SNACK ATTACK
As Child Obesity Surges,
One Town Finds Way to Slim
Somerville , Mass. , Goes
Beyond Schools to Push
Exercise, Good Eating
By TARA PARKER-POPE
May 10, 2007
SOMERVILLE, Mass. -- Most people think the battle against obesity
takes willpower. But the town of Somerville knows it takes the will
of an entire community.
Sparked by a desire to curb childhood obesity, this town of 78,000
has undergone a subtle yet dramatic transformation in the past five
years. Restaurants have switched to low-fat milk and smaller
portion sizes. The school district has nearly doubled the amount of
fresh fruit at lunch. The town, just outside Boston , has repainted
crosswalks to get more people walking to work or school.
POUND WISE
• What's New: The town of Somerville , Mass. , has made strides
against child obesity by getting the whole community involved.

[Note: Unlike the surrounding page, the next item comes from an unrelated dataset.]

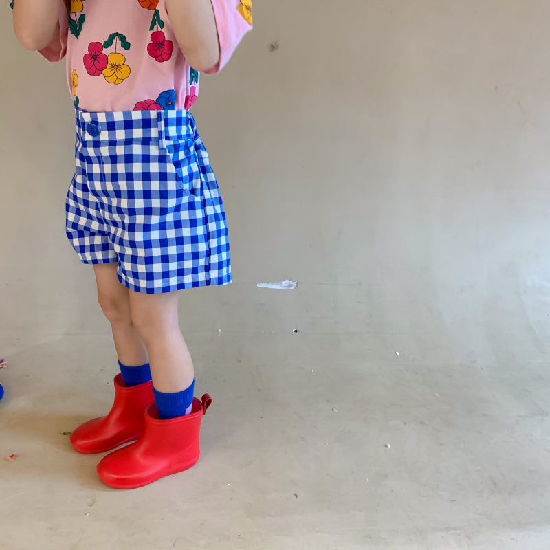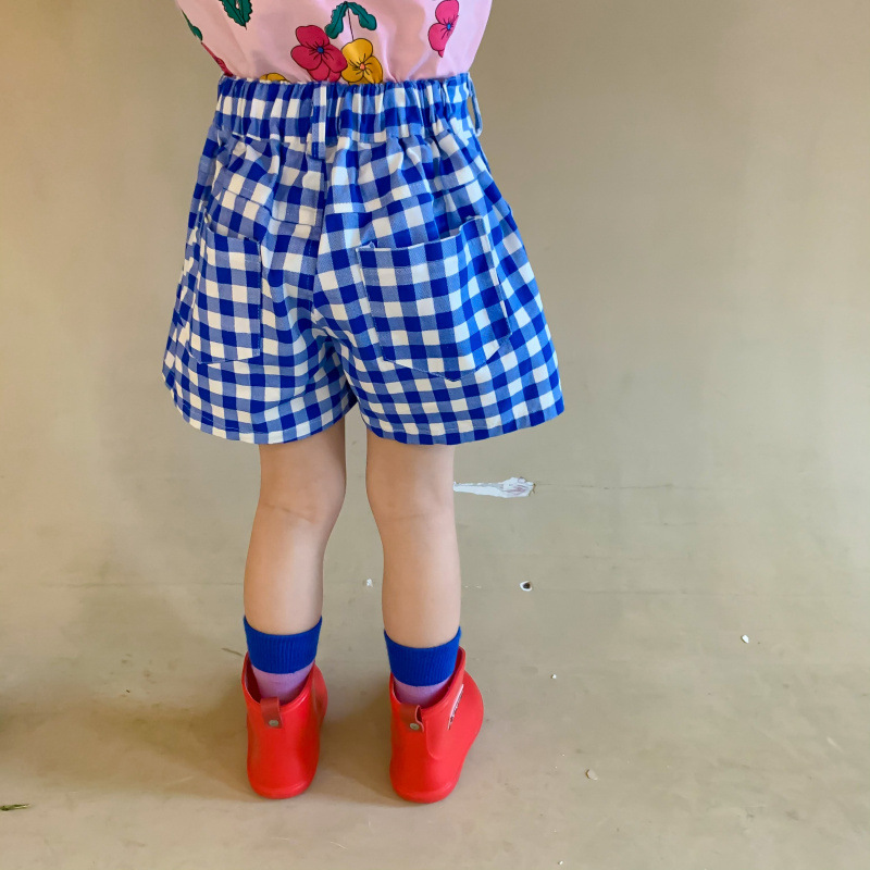 現在カテゴリ:全て商品 > 韓国風子供服 2024春夏 姉妹兄弟コーデ ワイドパンツ 薄い ズボン チェック柄 80-140cm ホットパンツ
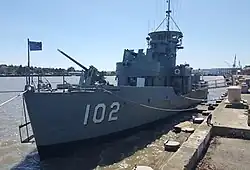 USS LCS(L)(3)-102 is an LCS(L)(3)-1 Class Landing Craft Support ship built for the United States Navy during World War II. The vessel was completed near the end of the war and saw brief service during the Battle of Okinawa. After the war, LCS(L)(3)-102 served in China before being decommissioned in 1946 and then transferred to Japan in mid-1953. Serving under the name JDS Himawari, the vessel remained in Japan until mid-1966 when she was transferred to Thailand, becoming the HTMS Nakha. In 2007, after being retired, the ship was returned to the United States to become a museum ship.

• The Background: Many previous efforts focused solely on schools
failed to show results.
• What's Next: Project leader Christina Economos hopes to bring
her ideas to the Mississippi Delta and elsewhere.

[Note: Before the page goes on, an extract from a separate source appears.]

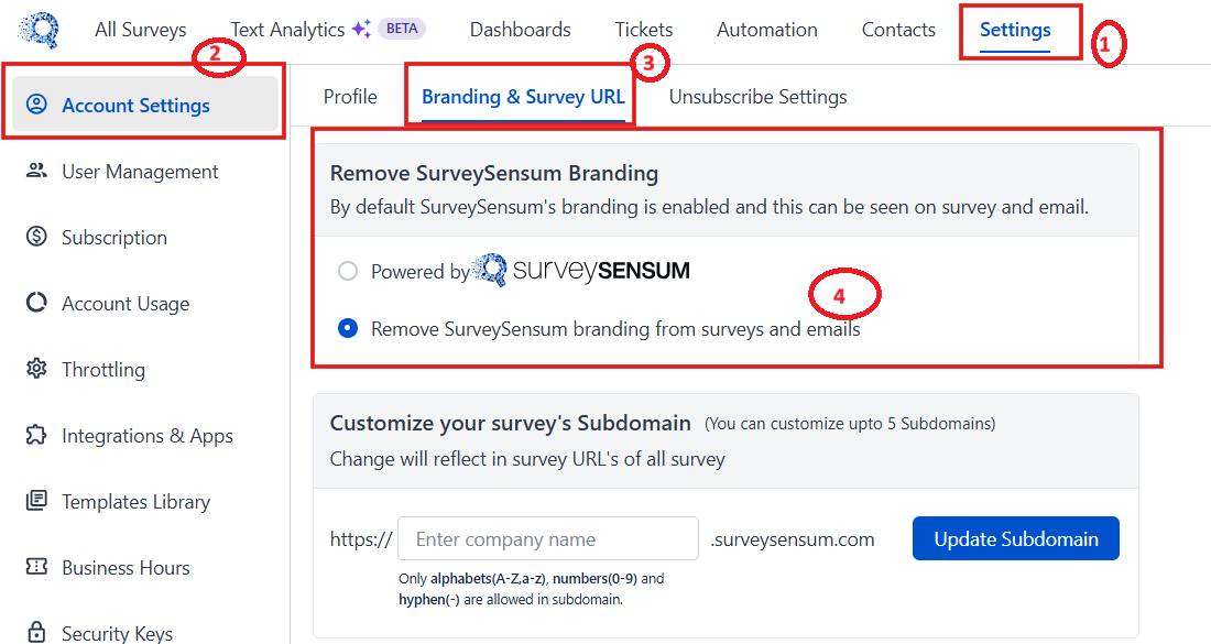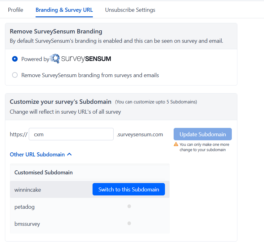 After customization, the link format becomes: https://[YourSubdomain].surveysensum.com/[SurveyCode]

The numbers suggest it works. During the 2003-04 school year,
Somerville schoolchildren gained less weight than children in two
nearby communities used as a control group, according to a report
published today in the medical journal Obesity. The difference was
statistically significant and translates into preventing about a pound
of excess weight gain among children who lean toward the heavy
side, the report says.
The Somerville study is believed to be the first controlled
experiment demonstrating the value of a communitywide effort. It's
only a small dent, but slowing the pace of weight gain among kids
is the key to conquering childhood obesity, says lead author
Christina Economos, an assistant professor at Tufts University . "It
could be the difference between graduating overweight and
graduating at a normal weight," she says. "We need to think about
how it plays out long term."
The Somerville program, designed primarily by Dr. Economos and
fellow researchers at the Tufts Friedman School of Nutrition, offers
a surprising blueprint. It didn't force schoolchildren to go on diets.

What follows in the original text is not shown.